2009年4月11日 星期六

Sergio Sismondo

Sergio Sismondo
Queen's University, Canada

Authored Books
An Introduction to Science and Technology Studies. Blackwell, 2004 (translated into: Chinese, simplified characters, 2007, Chinese, complex characters, 2008, translated into Estonian 2008, Japanese translation in progress; 2nd English edition forthcoming 2009)

The Art of Science (Boris Castel and Sergio Sismondo). Broadview Press, 2003 (translated into Korean, 2006)

Science without Myth: On Constructions, Reality and Social Knowledge. Albany, NY: SUNY Press, 1996.

Current Research

General Science & Technology Studies (STS)
Most of my research explores the philosophical consequences of seeing science as a thoroughly social activity. Historical and sociological work on the practice of science should affect our views of a diverse set of issues in the philosophy of science, from the realism/anti-realism debate to the scope of standpoint epistemologies. For this reason I try to be aware of very general issues and trends in the field of STS. See my
Introduction to Science and Technology Studies.

Pharmaceutical Knowledge
Drug companies provide pathways on which information flows, and energy to make it flow. Through bottlenecks and around curves, new knowledge is created, and given shape by the channels it traverses.

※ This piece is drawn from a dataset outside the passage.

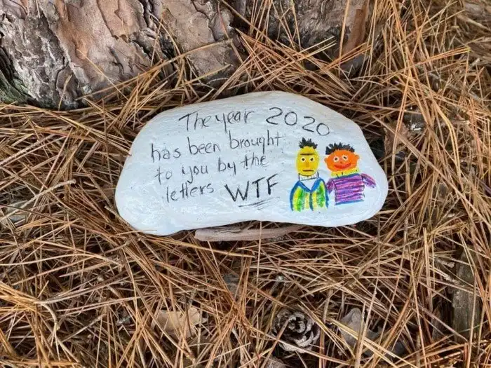 Надпись на камне гласит: «2020-й год познакомил нас с тремя буквами WTF». Это отсылка к «Улице Сезам». Что же, нам сложно не согласиться.
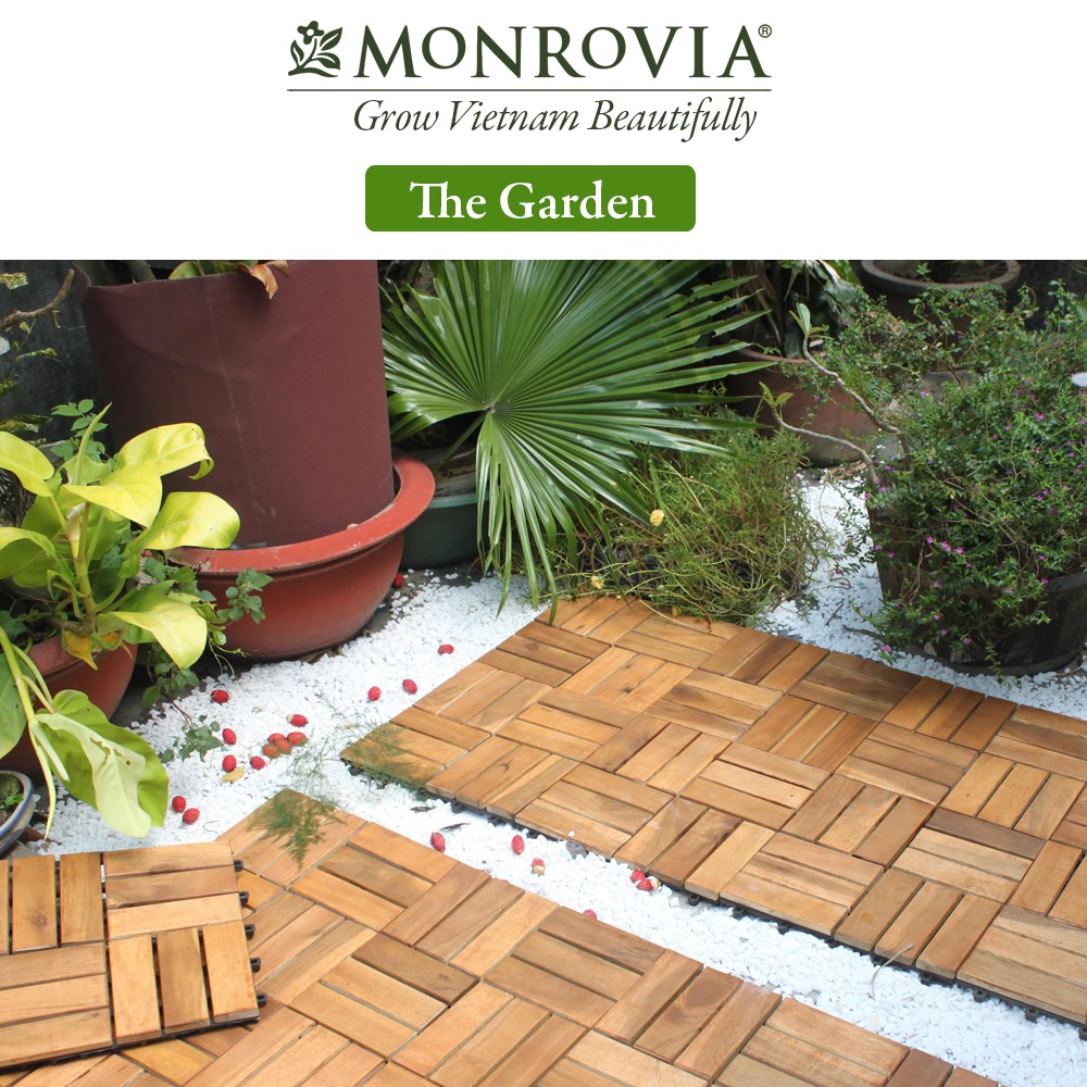 Nhà cửa & Đời sống > Làm vườn > Trang trí vườn || Vỉ gỗ lót sàn MONROVIA, gỗ tự nhiên cho ban công, ngoài trời, sân vườn, siêu bền, tiêu chuẩn Châu ÂuCòn hàng

My project is a case study in the political economy of knowledge, of the production and distribution of knowledge. See
PharmaStudies.org.


Deflationary Philosophy of Science
I combine a down-to-earth or deflationary approach that focuses on ordinary scientific work, while insisting that we can draw philosophical lessons from that work. I argue that by adopting a deflationary attitude we can understand how realism, instrumentalism, and constructivism can all be right about science.